Your task: Leaving the pictures aside, repeat every line below exactly.

(Items from a dataset)

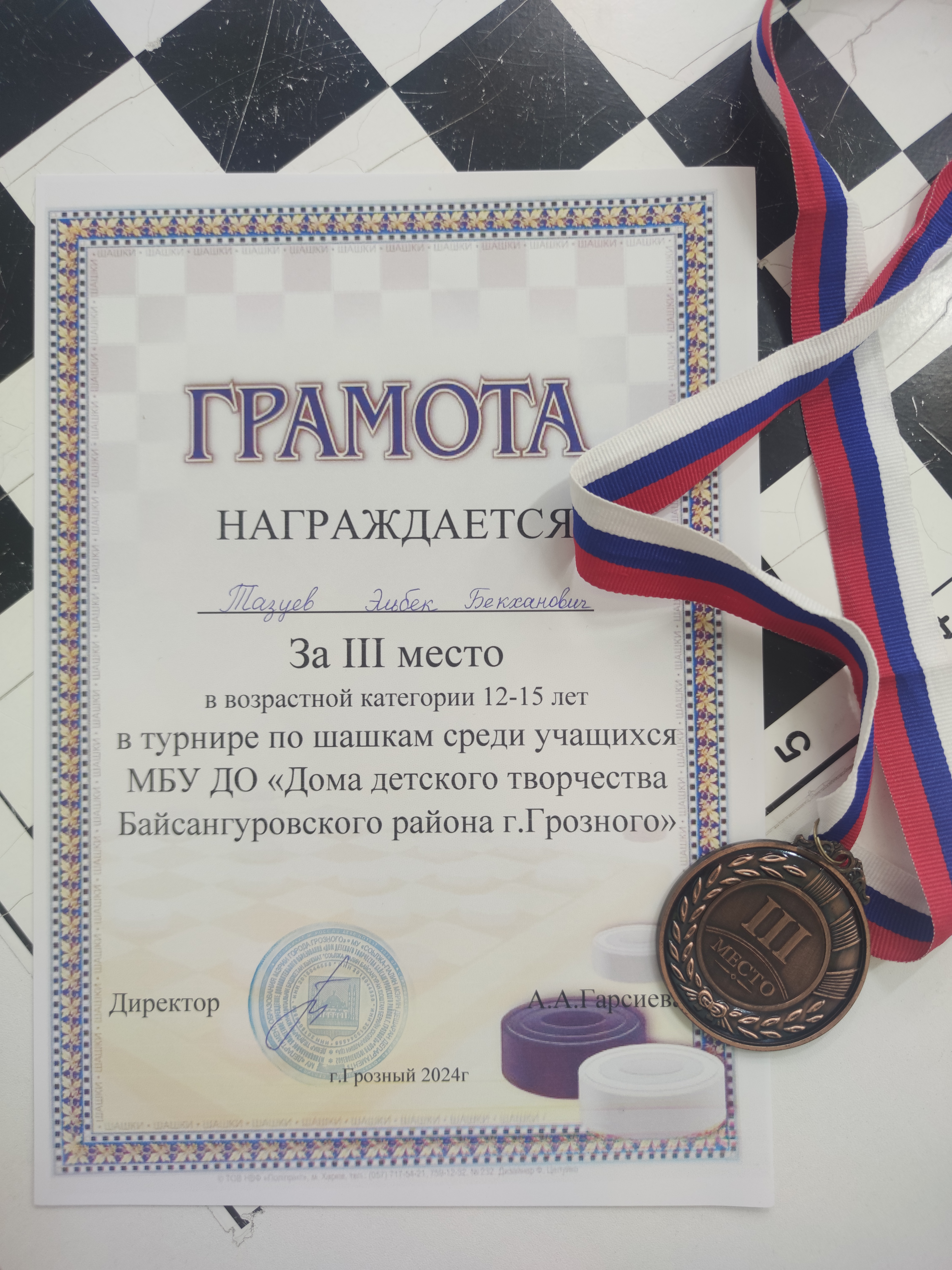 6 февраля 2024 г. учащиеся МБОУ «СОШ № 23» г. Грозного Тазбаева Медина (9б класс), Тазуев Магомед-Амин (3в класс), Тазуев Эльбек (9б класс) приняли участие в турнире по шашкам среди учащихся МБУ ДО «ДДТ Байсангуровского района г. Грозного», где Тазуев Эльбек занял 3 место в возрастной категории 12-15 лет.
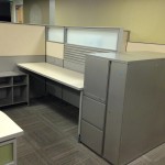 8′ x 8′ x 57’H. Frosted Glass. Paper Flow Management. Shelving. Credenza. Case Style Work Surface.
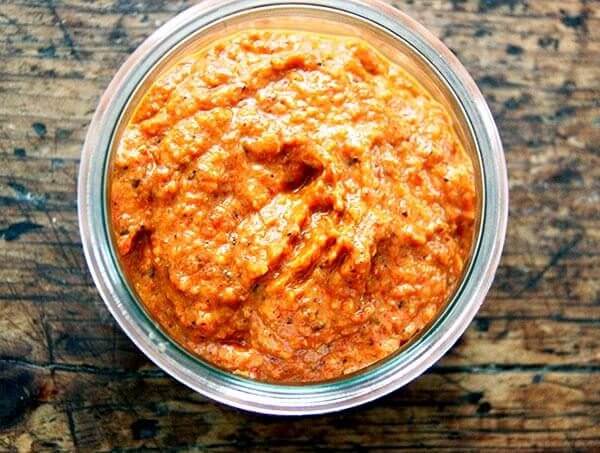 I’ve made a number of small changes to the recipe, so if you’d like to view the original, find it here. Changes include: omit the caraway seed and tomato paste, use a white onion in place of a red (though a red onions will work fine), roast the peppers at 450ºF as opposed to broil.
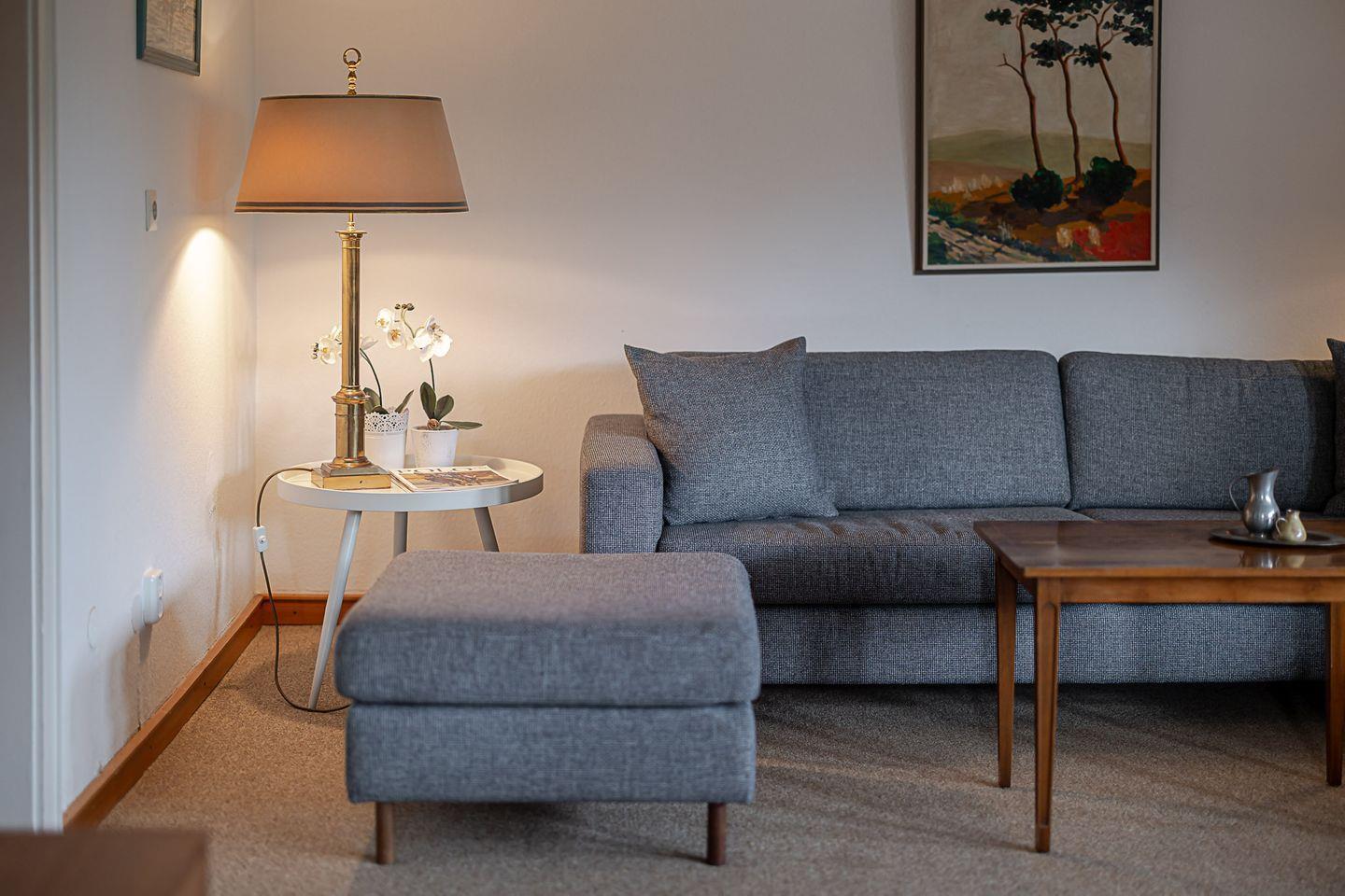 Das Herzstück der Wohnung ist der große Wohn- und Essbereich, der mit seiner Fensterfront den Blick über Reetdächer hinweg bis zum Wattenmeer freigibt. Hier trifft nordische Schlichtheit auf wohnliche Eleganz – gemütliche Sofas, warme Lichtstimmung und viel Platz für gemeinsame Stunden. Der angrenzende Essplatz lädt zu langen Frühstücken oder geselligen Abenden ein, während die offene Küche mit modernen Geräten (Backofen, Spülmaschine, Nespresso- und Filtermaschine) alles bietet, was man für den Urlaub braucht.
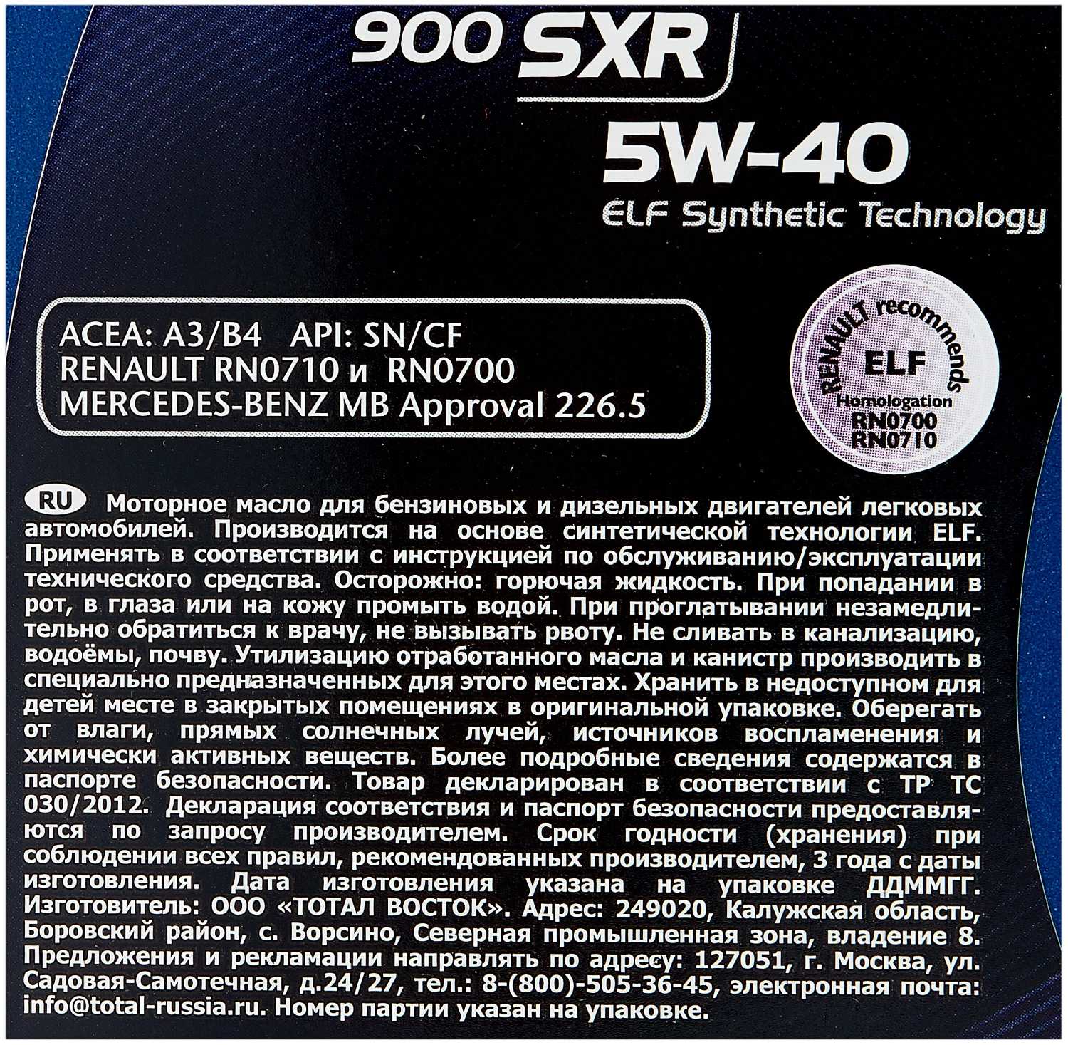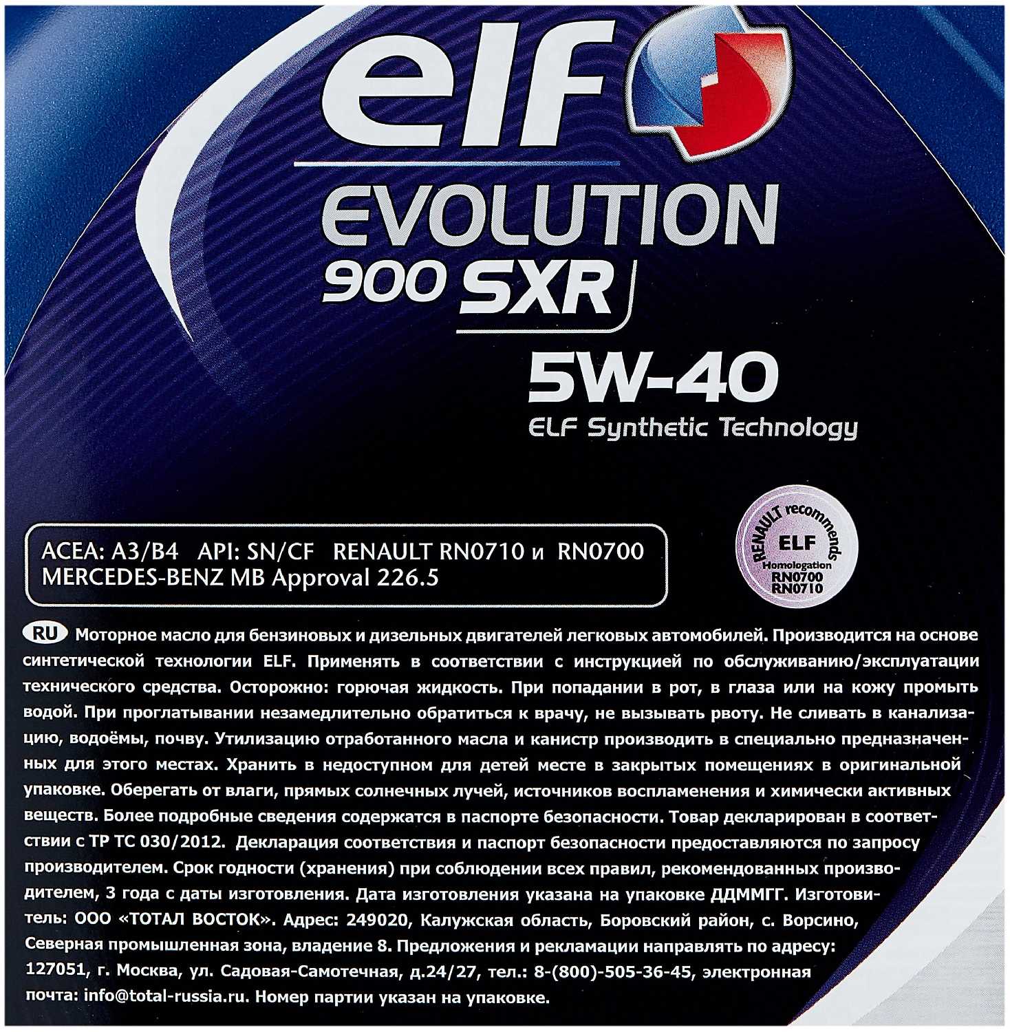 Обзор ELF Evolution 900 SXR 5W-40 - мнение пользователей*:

Response to this task:
 6 февраля 2024 г. учащиеся МБОУ «СОШ № 23» г. Грозного Тазбаева Медина (9б класс), Тазуев Магомед-Амин (3в класс), Тазуев Эльбек (9б класс) приняли участие в турнире по шашкам среди учащихся МБУ ДО «ДДТ Байсангуровского района г. Грозного», где Тазуев Эльбек занял 3 место в возрастной категории 12-15 лет.
 8′ x 8′ x 57’H. Frosted Glass. Paper Flow Management. Shelving. Credenza. Case Style Work Surface.
 I’ve made a number of small changes to the recipe, so if you’d like to view the original, find it here. Changes include: omit the caraway seed and tomato paste, use a white onion in place of a red (though a red onions will work fine), roast the peppers at 450ºF as opposed to broil.
 Das Herzstück der Wohnung ist der große Wohn- und Essbereich, der mit seiner Fensterfront den Blick über Reetdächer hinweg bis zum Wattenmeer freigibt. Hier trifft nordische Schlichtheit auf wohnliche Eleganz – gemütliche Sofas, warme Lichtstimmung und viel Platz für gemeinsame Stunden. Der angrenzende Essplatz lädt zu langen Frühstücken oder geselligen Abenden ein, während die offene Küche mit modernen Geräten (Backofen, Spülmaschine, Nespresso- und Filtermaschine) alles bietet, was man für den Urlaub braucht.
 Обзор ELF Evolution 900 SXR 5W-40 - мнение пользователей*:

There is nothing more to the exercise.